The Markets in Crypto Assets (MiCA) law created by the European Union intends to regulate the crypto asset space; however, it has not yet created a surge in euro-denominated crypto transactions. This particular observation had been made in an ESMA study. Even with becoming the very first legal framework for crypto assets and stablecoins, its effect on EU transaction volumes remains to be seen. ESMA mentions that the regulation shouldn’t raise euro volumes yet but can be a growth driver down the road.
The regulation, which will become completely relevant in 2024, seeks to offer greater protection for purchasers in the EU crypto market. It includes a crypto asset rules framework and particular provisions for stablecoins. These actions are anticipated to produce a safer and more controlled crypto trading landscape eventually. Nevertheless, the euro still plays a minor role in cryptocurrencies after the MICA announcement.
Euro’s Insignificant Role in Cryptocurrency Transactions
Worldwide fiat-to-crypto trading volumes fell from 30% in 2021 to 20% in 2023 during a crypto winter, but the market has since recovered. This particular change is partially because of stablecoins, which are associated with national currencies and allow spread adjustments within the crypto ecosystem. Regardless of these worldwide shifts, the euro remains an insignificant participant in the industry, comprising just about 10% of transactions.
With its increasing role, Stablecoins today constitute over 60% of all cryptocurrencies.
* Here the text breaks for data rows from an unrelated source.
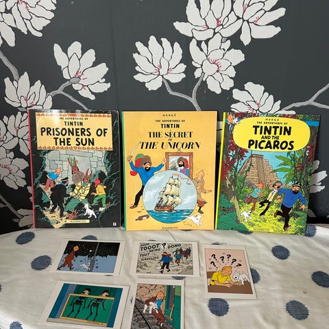 Figurer från Tintin. Inkluderar Dupont och Dupond, Professor Kalkyl och Milou med ben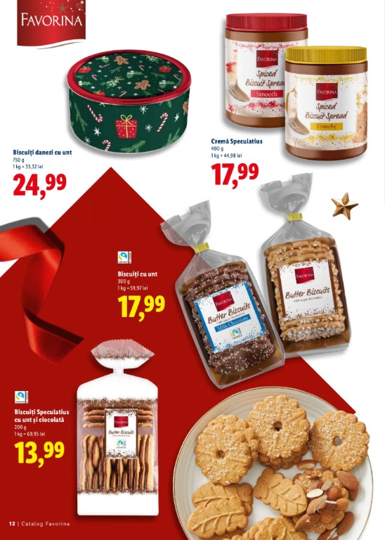 Pe lângă Speculatius, Lidl a readus și alte produse Favorina, menite să completeze atmosfera de sărbătoare. Prețurile rămân accesibile, iar sortimentul este variat: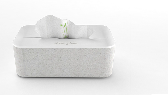 由抽出衛生紙的動作,載入新的思維,Tissue plant栽種的,是對環境的關愛,每一張由裂縫中掙脫出的衛生紙,都象徵 著幼苗生命的毅力,都承載著一次綠意的孕育。還地球一件綠衣吧!Tissue plant讓我們的地球永不竭盡。 經由裂縫的阻 力,方能抽出衛生紙的過程,企圖讓使用者體驗到,人與環境的相互關係,進而產生對綠色議題的警惕。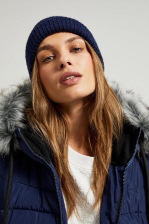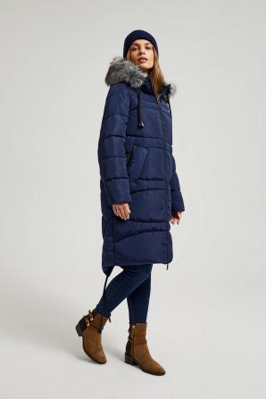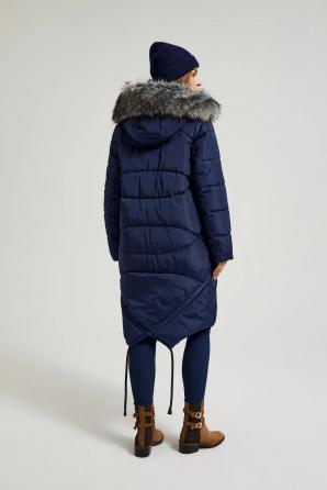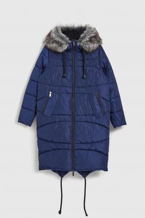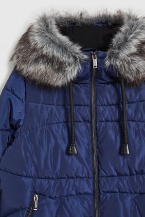 100% POLYESTER Zimní prošívaná bunda v tmavě modré barvě, ideální do chladných dnů. Vyrobeno z hladkého polyesteru, zateplené a podšité, zajišťující teplo a pohodlí. Má praktické kapsy, prošívání a kožešinu v kapuci. Zapínání na zip, sahající pod kolena, ideální do mrazivých dnů.

Additionally, they display an important concentration of trading volume, with ten exchanges processing roughly 90% of trades. The largest of all is Binance, which sells nearly half of the world’s volume. This concentration makes major platforms an important player in the cryptocurrency trading market.
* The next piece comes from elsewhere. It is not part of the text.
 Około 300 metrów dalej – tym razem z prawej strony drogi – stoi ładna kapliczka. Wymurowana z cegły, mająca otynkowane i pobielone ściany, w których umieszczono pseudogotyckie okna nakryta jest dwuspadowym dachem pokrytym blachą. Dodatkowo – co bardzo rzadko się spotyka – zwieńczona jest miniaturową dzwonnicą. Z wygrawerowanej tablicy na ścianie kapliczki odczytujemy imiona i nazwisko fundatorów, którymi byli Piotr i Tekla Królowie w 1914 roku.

Public Input Sought on MiCA Regulations
ESMA delivered its newest report on MiCA regulation on March 25, further enhancing the EU crypto regulation landscape. Now, the authority is entering the third consultation stage, with all the rules open to public comment. This is another step in ESMA’s general strategy to produce a secure and regulated crypto marketplace in the EU. The last draft of the law explains legislative actions implemented throughout Europe.